まだ発表前、(春風亭)昇太師匠から“おまえはそのまま、今までどおり頑張ってやっていけば大丈夫。それで選ばれてるんだから。キャラとか作ろうと思うんじゃないよ。今の宮治のままでやっていけば、そのうちキャラは絶対にできるから”と言っていただいて。

 そもそも、僕がこの場所にいられるのは昇太師匠のおかげ。一門でも、弟子でもないのにずっと目をかけてくださって。だから、信じてやるしかない。変にキャラ付けした回答をしたりせず。師匠方との化学反応でじわじわ決まることだと思うので。それができるまで、いつもどおり一生懸命やっていきたいです」

俳優養成所、トップセールスマンをへて

 『オレたちひょうきん族』よりもドリフ派。吉幾三の座長公演などにも足を運んだ少年時代。舞台上での泣き笑いに心をつかまれ、高校卒業後は俳優養成所へ。

「人と呼吸を合わせるのは得意じゃないし、向いてなかった(笑)。ただ楽しいし、やることないから、バイトしながら続けていただけで」

 養成所の先輩に紹介された化粧品販売で手腕を発揮。サラリーマンの平均年収を大きく上回るトップセールスマンに。

「でも僕はネガティブなので“一生この仕事を続けられるのか?”と思っていました」

 迷いの森の中、後に妻となる2歳上の明日香さんから“貧乏でも、やりたい仕事を一生懸命やってるほうが幸せだよ”と背中を押され、披露宴で“会社辞めます”と宣言。桂伸治に弟子入りしたのは31歳のときだ。売れない時代の借金も、明日香さんの昼夜を問わぬ労働によってさくっと返済されたそう。

「ウチのカミさんには一生、足向けられないですよ。僕が喜んでるときは喜ばないし、僕が落ち込んでるときは一緒に落ち込まずに平常心でいてくれる。今があるのは、もちろんカミさんのおかげですから」

 11歳と9歳の愛娘、6歳の愛息を持つ。趣味は適度な飲酒、子育て、家族と戸越銀座を散歩すること。

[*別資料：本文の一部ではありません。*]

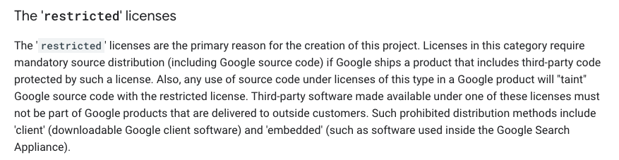 你可以用,但一旦用了,就要接受被同化 - GPL 证书。这类证书的特点是传染性 (infectious),项目要是使用 (use) 了这个证书的开源组件,那么项目本身也要把代码开源。自由软件基金会 (Free Software Foundation) 希望通过这种方式把开源软件发扬光大。但「使用 use」这个词的界定是比较模糊的,法律上也缺乏判例。这个漏洞也催生了补丁版 AGPL 的诞生。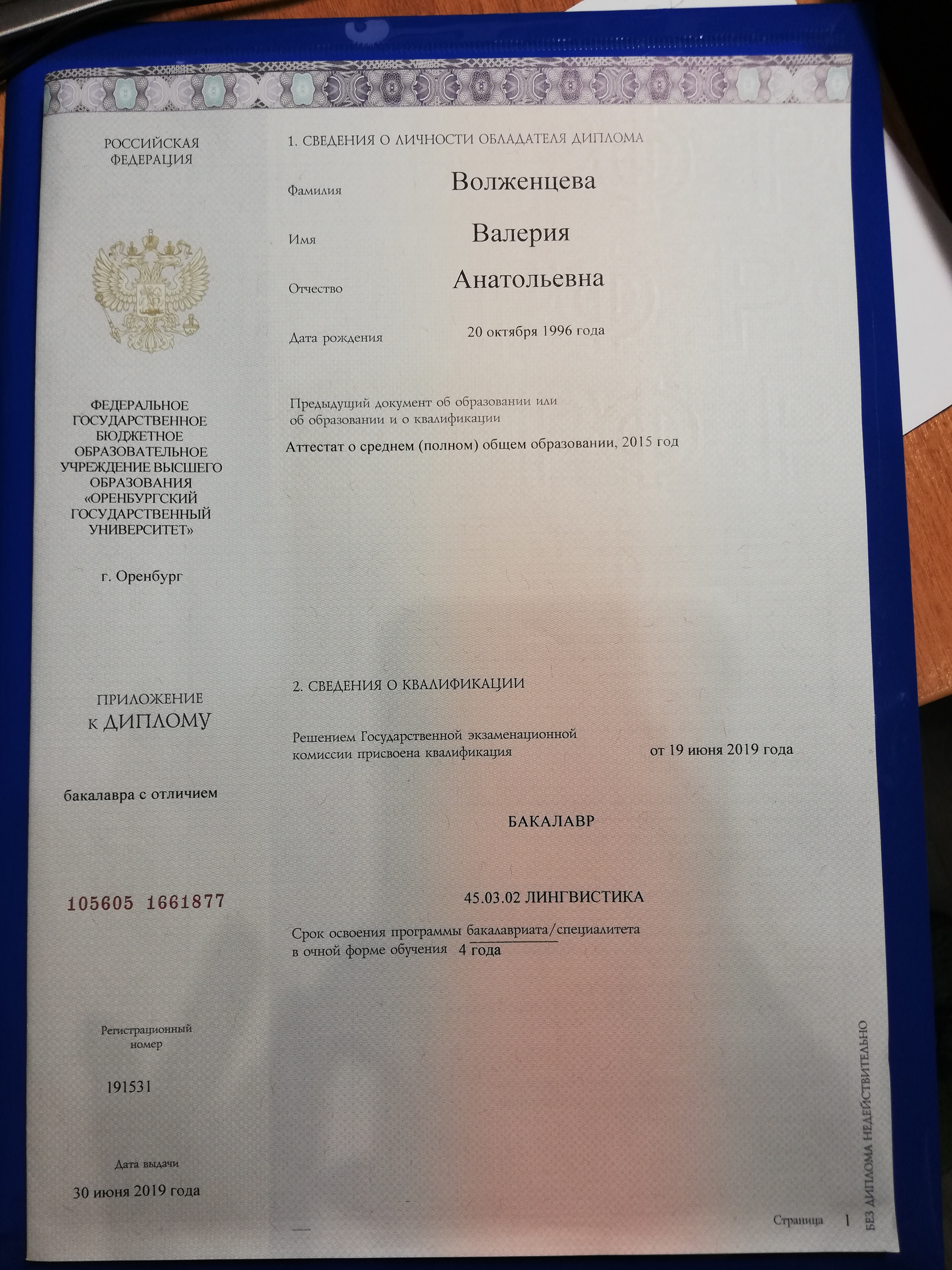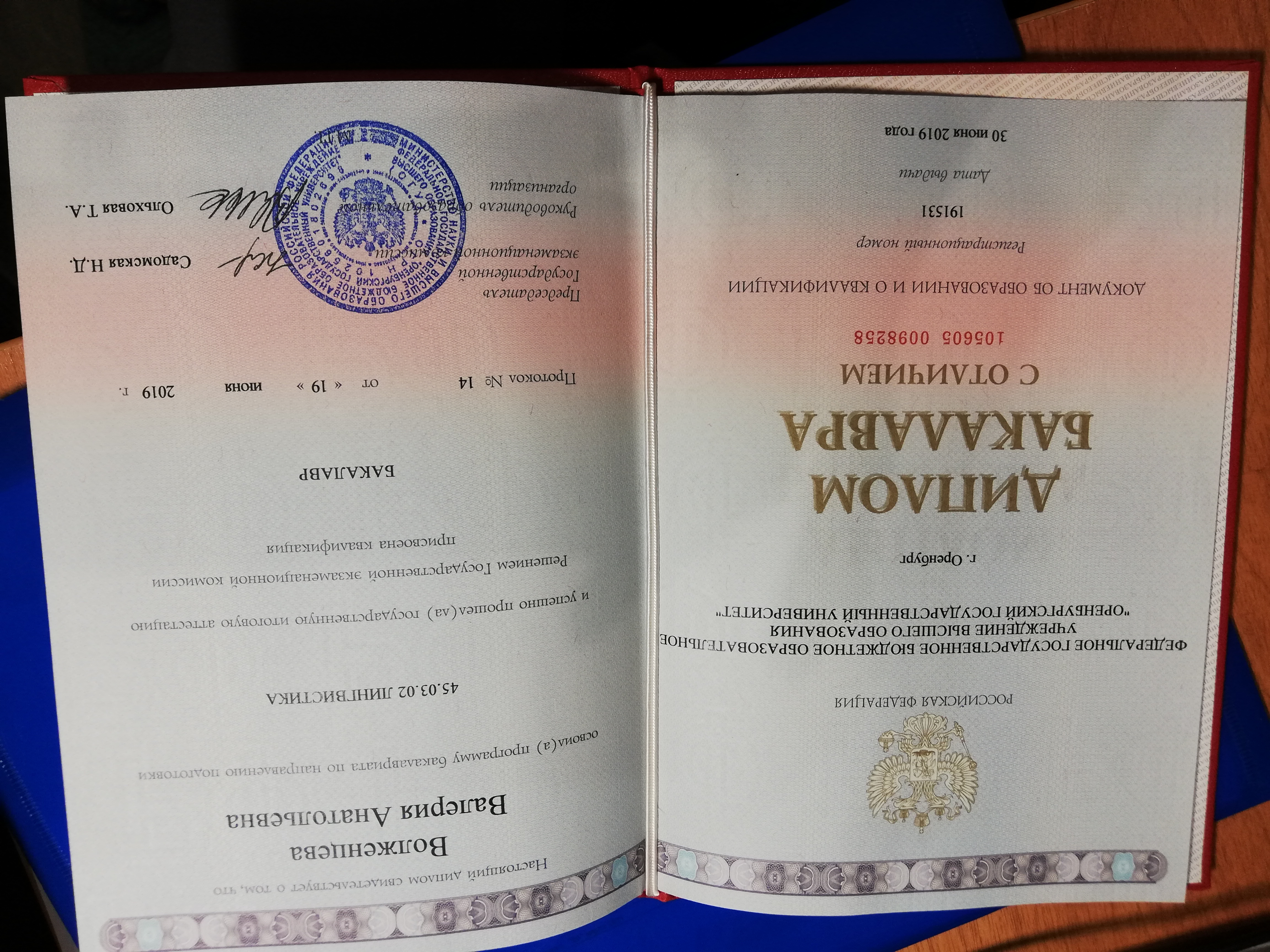 Образование: Оренбургский Государственный Университет, специальность "Лингвист-переводчик", диплом с отличием, бакалавр, 2019 год.

愛妻家で子煩悩でもある。

「僕、高座では明るいんですけど、普段はけっこう暗い顔して歩いているので。街で見かけたときに“あれ、印象違うんだけど?”って思われるかもしれませんが、それは僕の地の部分なので……許してください!」

宮治がつまらなければ落語がつまらない、に

 やはり、落語家になったからにはいつかは『笑点』に、という気持ちが?

「これね、“落語家あるある”で。親戚縁者から“早く『笑点』に出られるようになるといいね”って言われるんですけど、全員が目指してるわけじゃないんですよ(笑)。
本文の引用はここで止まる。